Als Karén und seine Kollegen die neue Zeitung nach dem Online-first-Prinzip gelauncht haben, sei die Zahl der Printabonnenten kurzzeitig nach oben gegangen. „Die Leute waren begeistert und fanden die Zeitung besser als zuvor.“ Das habe vor allem daran gelegen, dass in den Jahren zuvor versucht wurde, durch einen Relaunch der Printausgabe die Leser ans Blatt zu binden. „Damals ging man davon aus, dass die Leute online kurze Geschichten und im Print lange Hintergrundgeschichten lesen wollen“, erzählt Karén. „Ich würde sagen, das war völlig falsch.“ Die Leute würden das SvD vor allem wegen der News lesen wollen. „Wenn man ihnen die aber nicht gibt, sondern nur lange Hintergrundgeschichten, dann ziehen sie weiter.“

Im sechsten Jahr nach der Umstellung sagt der Chefredakteur: „Die neue Strategie brachte uns dazu, eine bessere Zeitung zu machen.“ Und das drücke sich auch in Zahlen aus: 2013 begann SvD, Online-Abos anzubieten. Die Online-Abos (9,90 Euro monatlich für Internetseite und App und 18 Euro für Internetseite, App, E-Paper, Archiv und Kreuzworträtsel-App) nutzen mittlerweile 70.000 Leser – nach Karéns Angaben werden es jährlich 25 Prozent mehr. Da die Zahl der Printabonnenten (derzeit 100.000) jährlich um sechs Prozent schrumpft, glaubt er, dass das Svenska Dagbladet in eineinhalb Jahren mehr Online-User als Zeitungsleser haben wird.

Zahlen und Fakten

  • 2013 fing das Svenska Dagbladet an, Online-Abos zu verkaufen und gleichzeitig die Website umzustrukturieren.
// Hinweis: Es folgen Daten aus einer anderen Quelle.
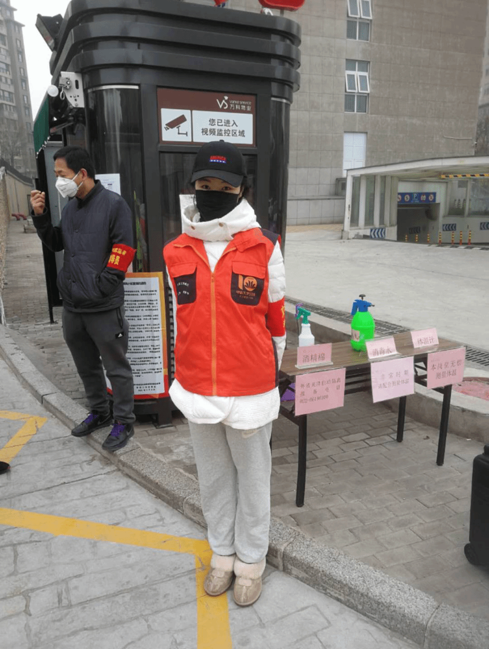 在这关键时刻,金晔站了出来,不推诿、不躲避,下沉社区,听从指挥,服从管理,每天在寒风中站岗巡逻,为小区居民监测体温、为进出车辆做好登记、为公共区域消毒清洁。

  • 2015 investierte der Verlag Schibsted etwa 100 Millionen Euro in ein eigenes Redaktionssystem.
  • 70.000 Online-first-Abonnenten hat das SvD heute – jährlich kommen 25 Prozent dazu.
  • 100.000 Leser haben die Zeitung als Print-Version abonniert – jährlich geht die Zahl um sechs Prozent zurück.
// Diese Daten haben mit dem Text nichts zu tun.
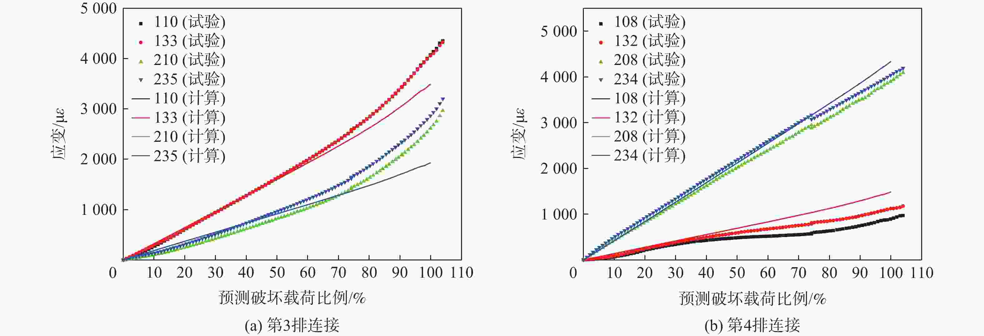 以民机复合材料机翼翼根下壁板长桁对接结构为研究对象,通过建立单钉连接三维子模型并考虑材料损伤,分析连接失效机理及非线性载荷-变形关系;通过考虑非线性连接刚度的整体有限元模型,计算试验件非线性钉载分配,并预测破坏载荷。解决了直接建立全尺寸三维模型、考虑损伤等引起的计算效率低、收敛性差等问题。试验结果表明:预测破坏载荷为试验破坏载荷的93.6%,预测破坏模式为单侧多排紧固件同时剪切断裂,与试验破坏模式一致,验证了所提方法的有效性。相比之下,采用线性连接刚度模型预测的破坏载荷为试验破坏载荷的81.9%,预测失效模式为第1排紧固件断裂,预测破坏载荷、预测破坏模式均与试验结果存在较大差异。

  • 110 Redakteure arbeiten beim SvD. Das sind etwa so viele wie 2013 – doch es sind neue Arbeitsbereiche dazugekommen wie Social-Media-Redakteure, Entwickler oder Datenjournalisten.
  • 18 Euro kostet ein Online-Abo des SvD (mit Web, App, E-Paper, Archivzugang und Kreuzwort-rätsel-App), die Hälfte kostet die abgespeckte Version davon.